我想改善我网站上的用户体验。因此,我尝试更改表单操作ajax,并且尝试了一些教程,但仍然遇到问题。
我正在使用一个PHP论坛程序/源代码调用!Discuz,它来自中国。下面是我的编码。
使用html。
<form method="post" id="jnfarm_pop" action="plugin.php?id=cc&do=shop">
<input type="hidden" name="shopsubmit" value="yes">
<!--first item-->
<input type="checkbox" name="jsid[1]" value="1">
<input type="number" style="width:3em;" name="qty[1]">
<!--second item-->
<input type="checkbox" name="jsid[2]" value="1">
<input type="number" style="width:3em;" name="qty[2]">
...continue 50 item
<button type="submit" class="layui-btn layui-btn-fluid" name="submitbutn">submit</button>
</form>
在PHP中,文件名plugin.php
<?php
if($_GET['id'] == 'cc'){
if(submitcheck('shopsubmit')){ //core function in !Discuz
for($x=1;$x<=50;$x++){
if($_GET['jsid'][$x] == '1'){
$qty[$x] = intval($_GET['qty'][$x]);
//process....
}
}
showmessage('message here','redirectlink');//this is !Discuz program function and it is fine.
}
}
?>
上面的脚本在使用form action时工作正常,并重定向到我的输出页面。如果要更改为ajax,如何调整以下源代码?

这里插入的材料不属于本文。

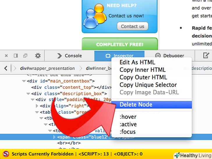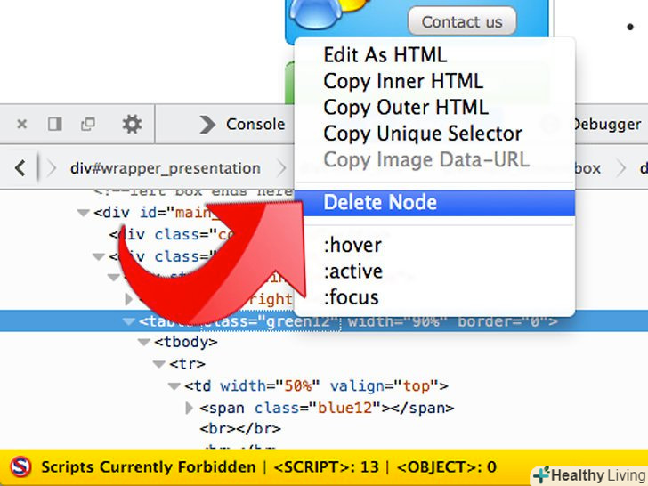 Клацніть правою кнопкою миші на елементах, які хочете відключити. Вам потрібно клацнути правою кнопкою миші на елементі в коді, а не на сторінці сайту. Виберіть "відключити елемент "або" видалити елемент", щоб видалити об'єкт з сайту.
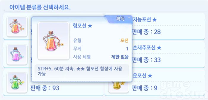 원킬 사냥을 원하면 포션을 사용하는 방법도 있지만 가성비가 나쁘다 = 게임조선 촬영
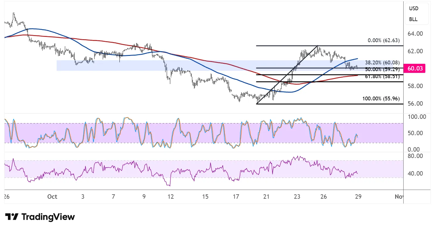 价格目前正在测试59-60美元附近的感兴趣区域,该区域与38.2%斐波那契回撤位60.08美元和50%斐波那契回撤位59.29美元相吻合。该区域此前在10月下跌期间充当阻力位,现在可能成为正在萌芽的上升趋势的支撑。
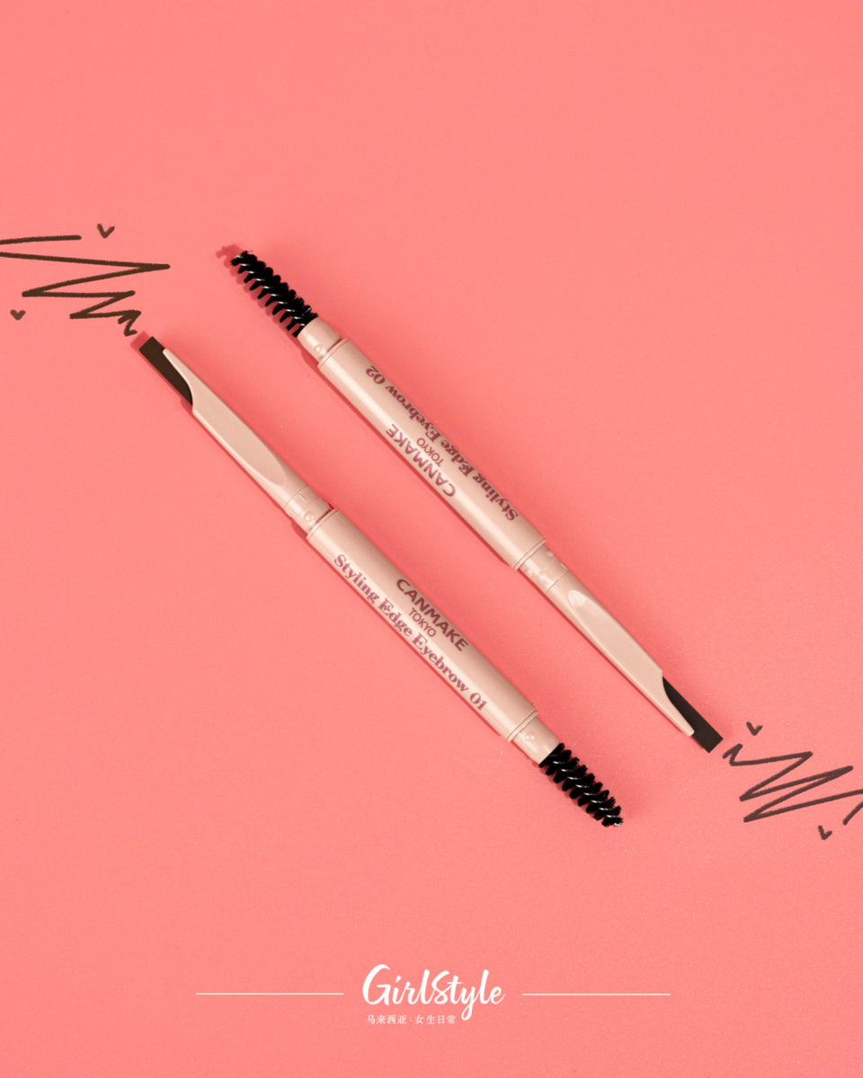 3️⃣Styling Edge Eyebrow 精细薄芯型眉笔眉毛画不好?可能是你的眉笔「太粗了」!CANMAKE 精细薄芯型眉笔笔芯只有 0.8mm 超薄方形设计,宽度却有 4.0mm,像一个微缩小平铲,既稳定好握,又能精准描绘每根毛流。一笔下去,再也不手抖!
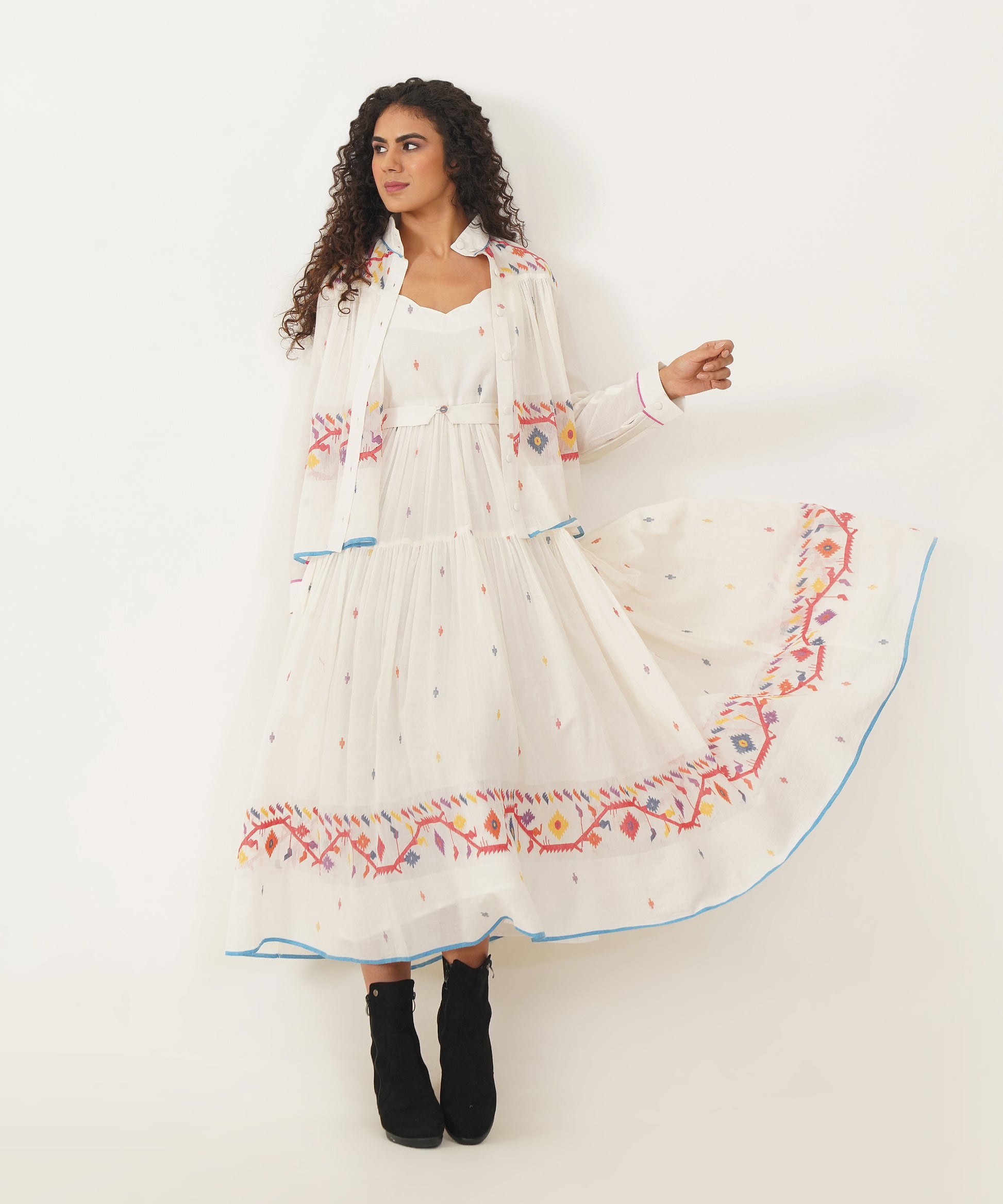 A stunning Jamdani ensemble that fuses traditional craftsmanship with modern elegance. The set features a scallop-neck dress with delicate noodle straps and soft gathers that flow gracefully. A back zipper fastening adds a sleek touch, while side pockets ensure practicality without compromising style. Accompanying the dress is a versatile high-collar Jamdani shirt that doubles as an overlay, offering endless styling possibilities. Meticulously handcrafted by Indian artisans, the ensemble is completed with a matching Jamdani belt, creating a look that is as timeless as it is refined.

<script type="text/javascript">
function login() {
$.ajax({
type: "POST",
dataType: "json",//? is it can use json? since my form data can get as array
url: "plugin.php?id=cc&do=shop" ,//url
data: $('#jnfarm_pop').serialize(),
success: function (result) {
console.log(result);
if (result.resultCode == 200) {
alert("SUCCESS");
}
;
},
error : function() {
alert("ERROR");
}
});
}
</script>
<form method="post" id="jnfarm_pop" action="plugin.php?id=cc&do=shop">
<input type="hidden" name="shopsubmit" value="yes">
<!--first item-->
<input type="checkbox" name="jsid[1]" value="1">
<input type="number" style="width:3em;" name="qty[1]">
<!--second item-->
<input type="checkbox" name="jsid[2]" value="1">
<input type="number" style="width:3em;" name="qty[2]">
...continue 50 item
<button type="submit" class="layui-btn layui-btn-fluid" name="submitbutn" onclick="login()">submit</button>
</form>
并且必须调整plugin.php源代码吗?
[更新,下面是我的工作,谢谢fayis003。html更改<script></script>
$.get('plugin.php?id=cc&do=shop', $('#jnfarm_pop').serialize(), result => {
//alert('success');
console.log(result); // check the result in console and if you can see it as a JS object you don't need to parse
result = JSON.parse(result); // Parse is required if you return the result as plain text otherwise you can omit this step in case you are returning the result as content type json
alert(result.final);//alert message here
location.href = result.link;// if you need to get redirected
}).fail(result => {
alert('fail');
});
PHP
<?php
if($_GET['id'] == 'cc'){
if(submitcheck('shopsubmit')){ //core function in !Discuz
for($x=1;$x<=50;$x++){
if($_GET['jsid'][$x] == '1'){
$qty[$x] = intval($_GET['qty'][$x]);
//process....
}
}
$final = 'message here';
echo json_encode(['final' => $final]);
}
}
?>
您不能像对同步请求那样,对ajax请求使用服务器端代码来启动直接浏览器重定向。相反,您必须返回要重定向到的URL,然后在结果回调中执行类似location.href = result.link的操作。
对于ajax请求,最简单的选项如下使用
$.get('plugin.php?id=cc&do=shop', $('#jnfarm_pop').serialize(), result => {
//alert('success');
console.log(result); // check the result in console and if you can see it as a JS object you don't need to parse
result = JSON.parse(result); // Parse is required if you return the result as plain text otherwise you can omit this step in case you are returning the result as content type json
let final = result.final;
location.href = result.link;// if you need to get redirected
}).fail(result => {
alert('fail');
});
现在在服务器端代码中,而不是从PHP创建重定向,返回类似
return json_encode(['link' => 'somlink']);
只是照常返回成功消息。